Keep meaningful categorical labels by felixschmitz · Pull Request #70 · ttsim-dev/soep-preparation

felixschmitz · 2026-01-14T14:46:49Z

Closes #66

…ing categorical labels.

felixschmitz · 2026-01-14T14:51:09Z

src/soep_preparation/clean_modules/pequiv.py

        series=out["med_subjective_status_pequiv"],
-        value_for_comparison=5,
-        comparison_type="leq",
+        value_for_comparison=["Zufriedenstellend", "Weniger gut", "Schlecht"],


The logic in creating med_subjective_status_dummy_pequiv just came straight from the old repository.

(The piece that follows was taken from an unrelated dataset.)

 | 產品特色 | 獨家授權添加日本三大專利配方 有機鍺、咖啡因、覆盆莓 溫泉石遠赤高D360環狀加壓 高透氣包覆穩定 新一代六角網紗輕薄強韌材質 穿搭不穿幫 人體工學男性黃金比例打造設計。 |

I just noticed that this is different to the creation of med_subjective_status_dummy_pl. To combine the two variables later on correctly, I adapted the definition of the variable med_subjective_status_dummy_pequiv here.

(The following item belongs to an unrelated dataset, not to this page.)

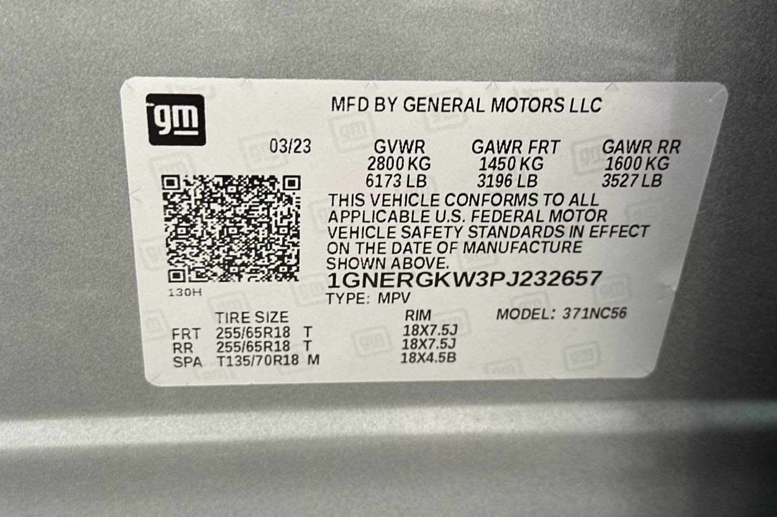 - VIN : 1GNERGKW3PJ232657

It definitely makes sense to harmonize them -- but why this way around and not the other?

We are using med_subjective_status_dummy_pequiv in the calculation for a frailty score. The other dummy variables there are 1/True if a medical condition is present, e.g. med_schwierigkeiten_anziehen_pequiv is True for individuals with the condition.

felixschmitz · 2026-01-14T14:52:17Z

src/soep_preparation/clean_modules/pl.py

            [
-                "med_schwierigkeit_treppen_pl",
-                "med_schwierigkeit_taten_pl",
+                "med_schwierigkeiten_treppen_dummy_pl",


I think it is better to use the _dummy_ versions of the two variables here, than the full scale. See also med_subjective_status_dummy_pl below.

Might be reasonable -- but it seems to be a change relative to what we had before, so it would be useful to explain why you think so.

Piecing the evidence together, it seems like the previous thing was combining two incompatible variables?

For one, the previous version had most of the variables in the dummy representation indicating whether or not a condition is present. These two variables/conditions do not vary from the others, and should hence also use the dummy representation. Further, the previous version had values greater 1 in these two variables, "giving them more mass" in the calculation of the frailty score (mean of all medical condition variables provided).

hmgaudecker

Very nice, thanks! Comments are meant more in a way to clarify what information others (well, me) need in order to provide a review without digging up information rather than substantive issues.

hmgaudecker · 2026-01-18T11:17:13Z

src/soep_preparation/clean_modules/pl.py

            [
-                "med_schwierigkeit_treppen_pl",
-                "med_schwierigkeit_taten_pl",
+                "med_schwierigkeiten_treppen_dummy_pl",


Might be reasonable -- but it seems to be a change relative to what we had before, so it would be useful to explain why you think so.

Piecing the evidence together, it seems like the previous thing was combining two incompatible variables?

hmgaudecker · 2026-01-18T11:19:35Z

src/soep_preparation/clean_modules/pequiv.py

        series=out["med_subjective_status_pequiv"],
-        value_for_comparison=5,
-        comparison_type="leq",
+        value_for_comparison=["Zufriedenstellend", "Weniger gut", "Schlecht"],


It definitely makes sense to harmonize them -- but why this way around and not the other?

felixschmitz

Some thoughts on the handling of variables to calculate the frailty scores. What do you think about transforming all medical condition variables to dummies, omitting self-reported intensity categories?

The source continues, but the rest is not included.